Now here's a question... what about the cleaners of the Facebook offices? How much do they get paid and how do they afford to live in Silicon Valley?
That's a question you're not allowed to ask, because the answers - we don't pay the cleaners enough and/or we spend too much - are uncomfortable for the people who should be asking them.
To answer your question, the cleaners of the Facebook offices probably aren't Facebook employees, but contractors of some third party company. And they likely live further away and commute, or live in a lower cost, less desirable neighborhood in the area that the person writing this article probably thought below him.
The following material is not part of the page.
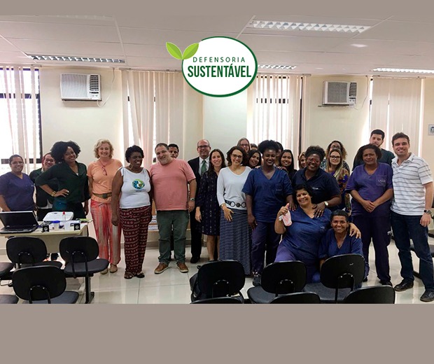 A Defensoria Pública do Estado do Rio de Janeiro (DPRJ) de Duque de Caxias, na Baixada Fluminense, realizou capacitação sobre coleta seletiva para defensoras(es), servidoras(es), estagiárias(os) e auxiliares de serviços gerais com o objetivo de orientar sobre o tema e sobre o descarte do lixo produzido no dia a dia da instituição, que passará a contar com a atuação semanal de catadoras e catadores de Jardim Gramacho. Já a partir desta quinta-feira (25), serão recolhidos para a reciclagem papeis, plásticos, metais e o que mais tiver sido previamente descartado pela equipe da Defensoria em recipientes apropriados instalados no prédio da sede de Caxias.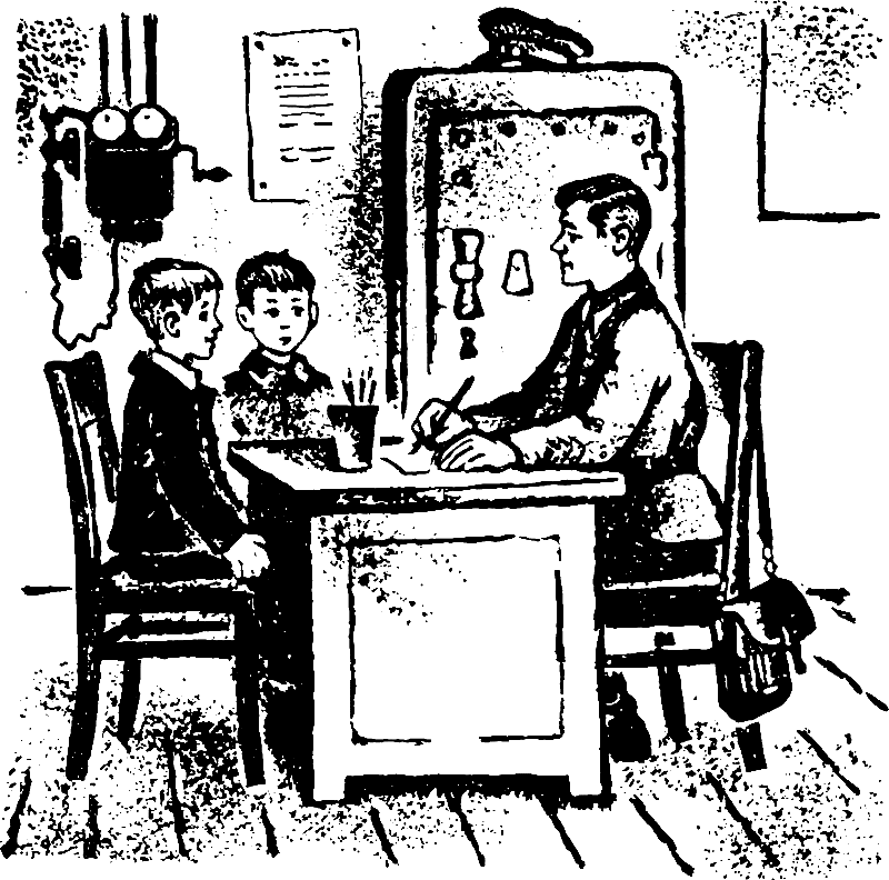 — Сейчас посмотрим, куда вас можно определить, — сказал он и углубился в книжку.

This article might be worth reading
https://www.washingtonpost.com/news/wonk/wp/2016/03/30/what-we-know-about-the-people-who-clean-the-floors-in-silicon-valley/
Not worth reading even a little bit. The bias is so evident it practically reads like one of the political ads you see this season.
There's definitely a race-baiting angle to it, but that's not what sent my bullshit-o-meter off the rails.
What pissed me off about the article is that it's yet one more academic circle-jerk in which a bunch of White Collared Professionals get together and discuss the problem of The Poors, without actually bothering to talk to anyone from the class whose problems they say they're trying to solve. It's the sort of thing that gives academics and journalists a bad name, even though the person who wrote this article, and the people who were interviewed, probably believe they're doing something that helps to solve the problem.
This journalist appears to have read an article, and then interviewed two academics, an administrator for a lobbying charity, a union leader, and a member of upper management at a headhunting firm. But the article is about janitors and bus drivers. She didn't bother to track down even one and ask for his or her take on the issue. Instead she bitched about how the Chamber of Commerce wasn't available for comment. I get that she writes for a newspaper out of Washington, DC, but the way she went about researching this article made her come across as though she couldn't get her head any further up her ass if she used a crowbar.
Were there truly no janitors available to interview? Or were they busy WORKING unlike all the other stuffed shirts who had time to be quoted?
What I'd have really liked would have been if she'd used social media or an online classified ad to talk to some of those hardcore badasses who can survive and raise a family in a HCOL area while pushing a broom. I bet they're frugal as fuck and we could all learn from someone who really walks the walk.